WORK TO BE COMPLETED:
The copy must match the data below line for line and contain no images.

━━━━━ PROVIDED MATERIAL

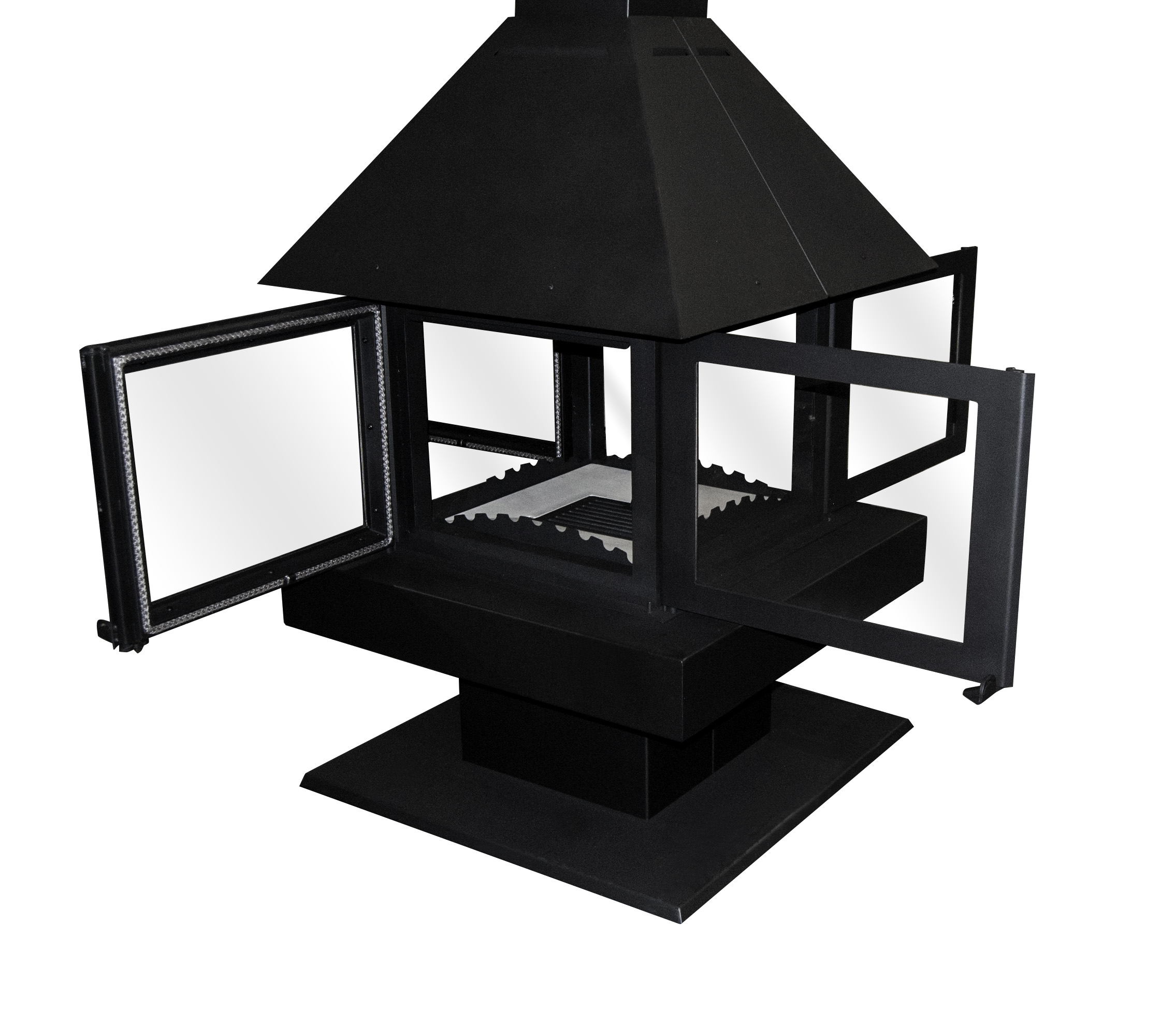 Камин остеклен с четырех сторон. Вы можете сделать его центром гостиной и смотреть на огонь с любой точки. Такие стекла делаются всего в 2 странах: Германии и Японии. Оно выдерживает температуру до 750 градусов. Но если ударить кочергой, то может треснуть. Через стекло вы любуетесь огнем, следите за прогоранием дров и подкладкой новых.
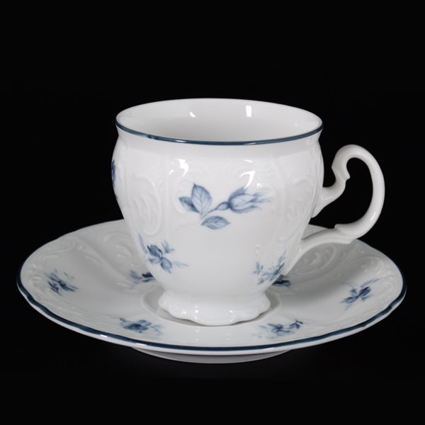 Набір чашок із блюдцями білого кольору з синім декором Thun Bernadotte Квітневе Цвітіння 90 мл/12 пр із синьою окрайкою
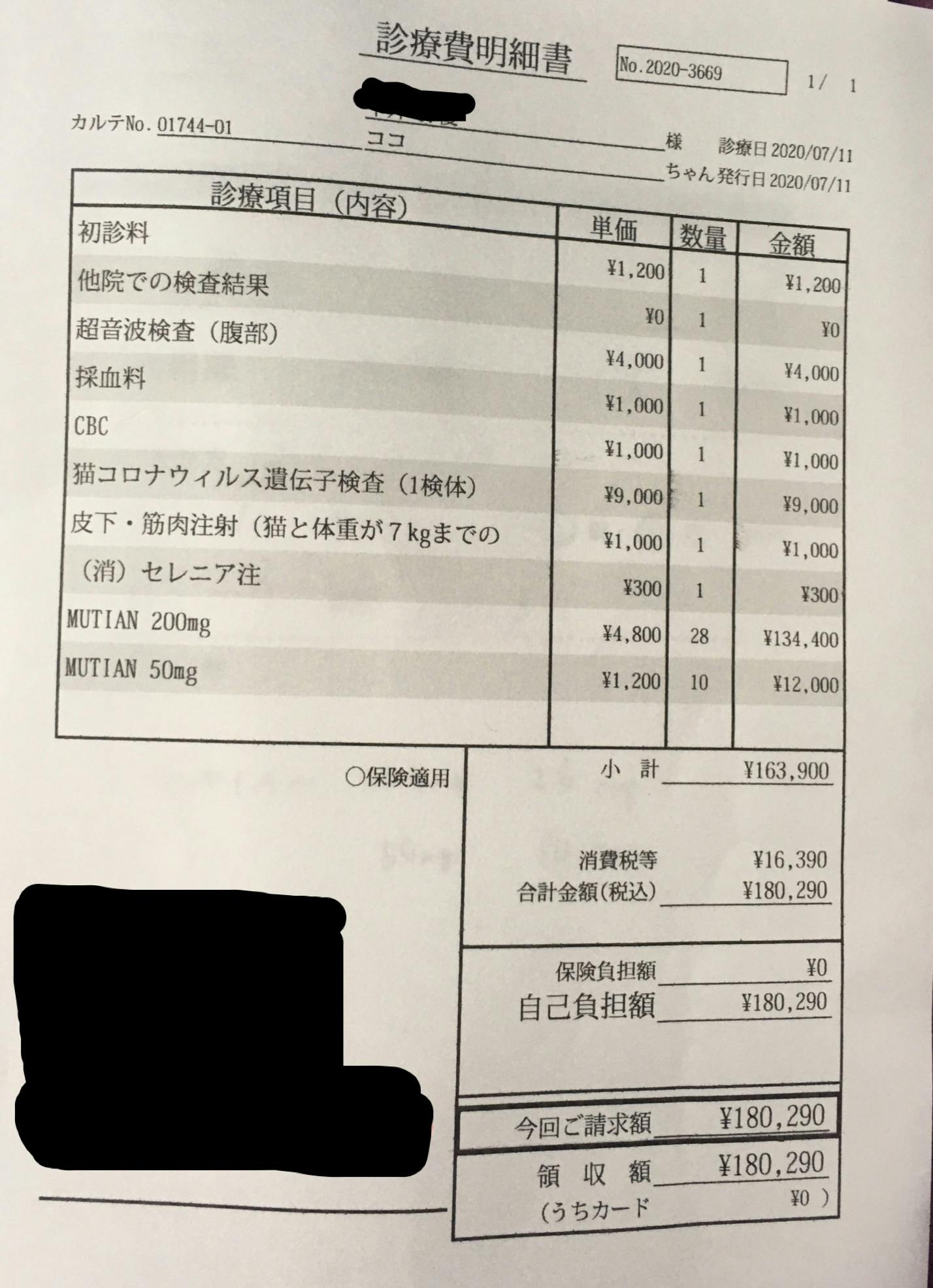 ココくんの場合、ドライタイプの中期で、体重が2.5㎏、1日の投薬に9200円、今の体重のままだとしても薬代だけで78万円かかり、体重が増えれば薬の量も変動するので、最低でも100万円以上はかかると思ってください、と言われました。

━━━━━━━━━━

PROBLEM SOLUTION:
 Камин остеклен с четырех сторон. Вы можете сделать его центром гостиной и смотреть на огонь с любой точки. Такие стекла делаются всего в 2 странах: Германии и Японии. Оно выдерживает температуру до 750 градусов. Но если ударить кочергой, то может треснуть. Через стекло вы любуетесь огнем, следите за прогоранием дров и подкладкой новых.
 Набір чашок із блюдцями білого кольору з синім декором Thun Bernadotte Квітневе Цвітіння 90 мл/12 пр із синьою окрайкою
 ココくんの場合、ドライタイプの中期で、体重が2.5㎏、1日の投薬に9200円、今の体重のままだとしても薬代だけで78万円かかり、体重が増えれば薬の量も変動するので、最低でも100万円以上はかかると思ってください、と言われました。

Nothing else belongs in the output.